Ms Dauda, who appeared to be mid-30, had been diagnosed with liver disease. According to the medical official on duty, the disease had reached the end stage. The patient was surrounded by family members who were crying as they hoped and prayed for a miracle. But that did not happen.
Ms Dauda died right where she lay in a corner of the ward. The end came for her sooner than anticipated.
“If only her case was presented earlier. The infection had already caused serious damage to her liver before she was brought in,” the doctor assigned to Ms Dauda murmured as he stepped away from the ward.
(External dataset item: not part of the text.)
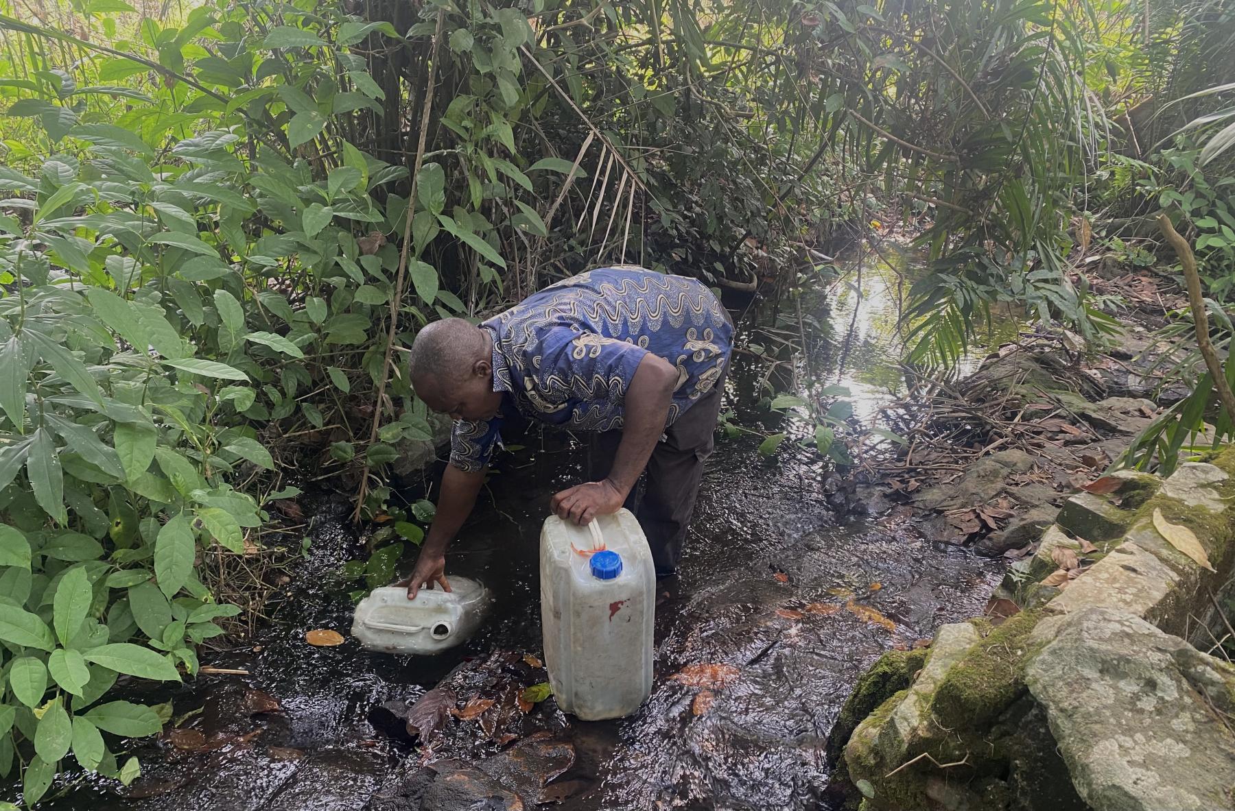 Guy Merlin Tchamtchou puise de l’eau. Photo: Josiane Kouagheu / Agripreneurs d’Afrique
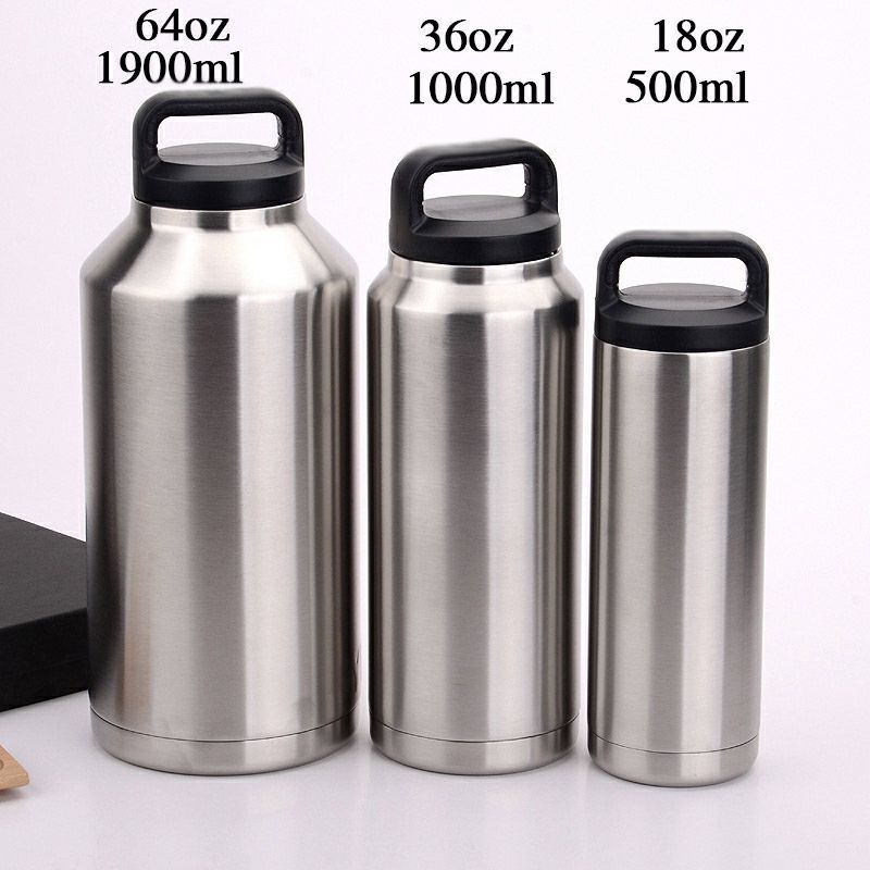 진공 플라스크 대형 빈 냄비 스테인레스 스틸 진공 컵 자동차 여행 주전자 등산 스포츠 냄비 1000ml 얼음 양동이

The scenario was in 2016 at the Ekiti State University Teaching Hospital (EKSUTH) in Ado Ekiti, the state capital, where this reporter was also on admission at the time.
Although the doctor did not exactly mention the cause of Ms Dauda’s death, some of her wailing relations had mumbled the word “hepatitis,” after the doctor confided in them.
Hepatitis, a viral infection, is known as a major cause of liver disease, which leads to death if not promptly and properly managed.
A consultant gastroenterologist at the Lagos University Teaching Hospital, Emuobor Odeghe, said hepatitis B, one of the five strains of hepatitis virus, can infect the liver and cause liver damage, calling it the commonest cause of chronic liver disease and its complications in Nigeria.
Ms Odeghe said hepatitis is an inflammation of the liver that can be self-limiting or can progress to cirrhosis or liver cancer.
The World Health Organisation (WHO) said approximately 296 million people were living with chronic hepatitis B in 2019, and that 1.5 million new infections are recorded each year.
The global health body also disclosed that hepatitis B resulted in an estimated 820,000 deaths in 2019, mostly from cirrhosis and primary liver cancer, also known as hepatocellular carcinoma.
Nigeria is one of the most affected countries. With an estimated population of over 200 million people, the country has a hepatitis B prevalence rate of 8.1 per cent and hepatitis C of 1.1 per cent, according to the 2018 Nigeria AIDS Indicator and Impact Survey (NAIIS) report.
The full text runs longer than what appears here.